Ses créateurs d’origine sont quelque peu déconcertés par la longévité et l’héritage de Maze. « Ce n’est qu’une petite contribution que nous, les gens qui m’entouraient et moi, avons faite en poussant cette technologie vers quelque chose de fun », dit Thompson. « Le jeu existe probablement depuis l’âge de pierre. Il y a juste différentes manières de le concrétiser. Et le truc sympa avec les ordinateurs et les réseaux est qu’on peut être connectés ; on peut jouer avec d’autres personnes. Il n’est pas nécessaire d’être physiquement présent dans la même pièce et on peut vivre l’expérience d’avoir l’impression d’être dans un bâtiment alors qu’on n’y est en fait pas ».
Lebling fut surpris par le succès de Maze et pense que le genre du FPS qui domine le jeu vidéo maintenant le doit en partie à Maze. Mais « cela ne veut pas dire qu’il n’existerait pas sans Maze », note-t-il. « C’est comme ce qu’on dit en science-fiction, à savoir que le moteur à vapeur a été inventé parce que c’était dans l’air du temps. Il y avait une convergence de développements techniques, d’idées et de culture qui faisait que faire quelque chose comme Maze semblait être une bonne idée ».
D’ailleurs, Infocom aurait pu devenir une compagnie de FPS plutôt que de jeux d’aventure textuels. Ils fondèrent Infocom avant de décider quoi développer et l’une des idées était de transformer Maze en borne d’arcade. Cela n’aboutit pas car trop de personnes ayant entendu parler de ce projet, dans l’idée de lever des fonds pour cette société embryonnaire, craignaient que « les nerds n’aient pas d’amis ».
« Je pense que ç’aurait été sympa à jouer », dit Lebling, remarquant que les salles d’arcade étaient en fait des lieux d’interaction sociale. « Un simple « Tu m’as tiré dessus ! » aurait pu entraîner des bagarres et des rixes de poivrots dans la salle d’arcade ».

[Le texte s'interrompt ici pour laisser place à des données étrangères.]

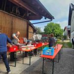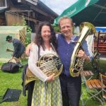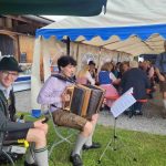 Seit 2019 konnte erstmals wieder der traditionelle Frühschoppen des Musikfördervereins Söllhuben e.V. stattfinden. Mathilde Waritschlager und Sigi Hinterberger gaben der Veranstaltung wie immer Herberge und so konnte das Fest stattfinden. Nach frühmorgendlichem Grauen mit Regen und Sturm klarte es aber zunehmend auf und es blieb trocken. Dem kühlen Wind trotzte ein Zelt der Feuerwehr. Pünktlich nach der Sonntagsmesse erklang um 10.00 Uhr das erste Musikstück – und hier ist eine Neuigkeit zu verkünden:
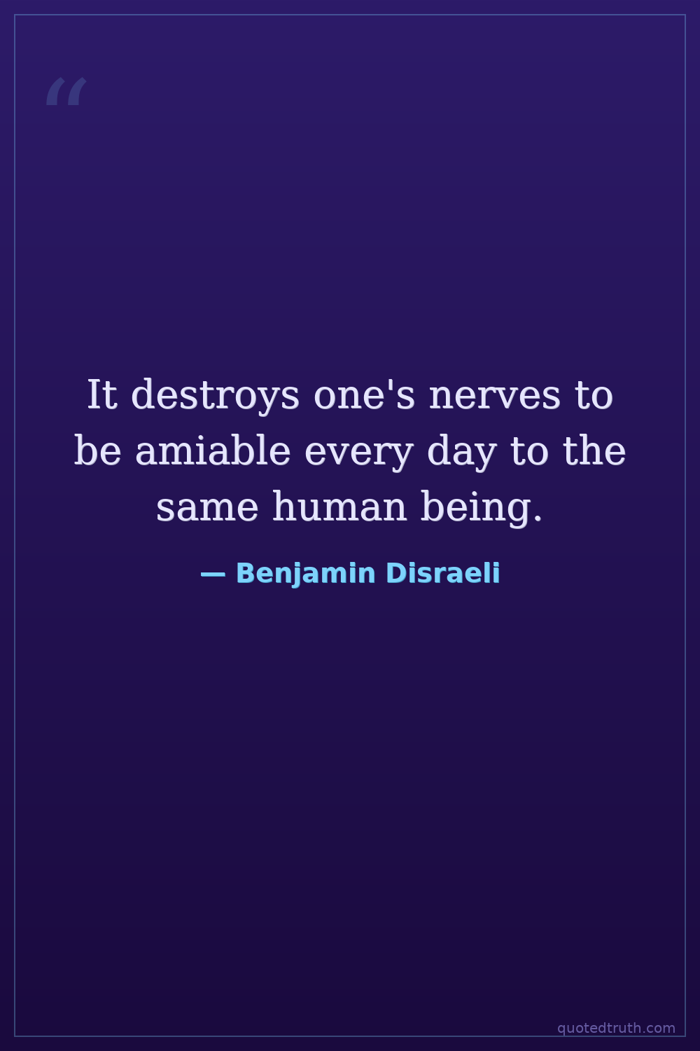 It destroys one's nerves to be amiable every day to the same human being.

Quoi qu’il en soit, personne n’aurait pu croire que Maze allait perdurer, et encore moins prévoir une révolution du jeu vidéo qui allait arriver 20 ans plus tard. « Je pense qu’il s’agissait juste de la combinaison de suffisamment d’esprits brillants au MIT et qui ont ensuite ré-implémenté le jeu sur d’autres systèmes », conclut Thompson. « Parce que c’est fun, parce que ça plaît et que, à cette époque, c’était le dernier cri de la technologie. C’était un bon outil de test. Vous pouvez le justifier comme vous le souhaitez, mais les gens codaient le jeu parce qu’ils voulaient un peu frimer avec les trucs cool qu’ils pouvaient faire ».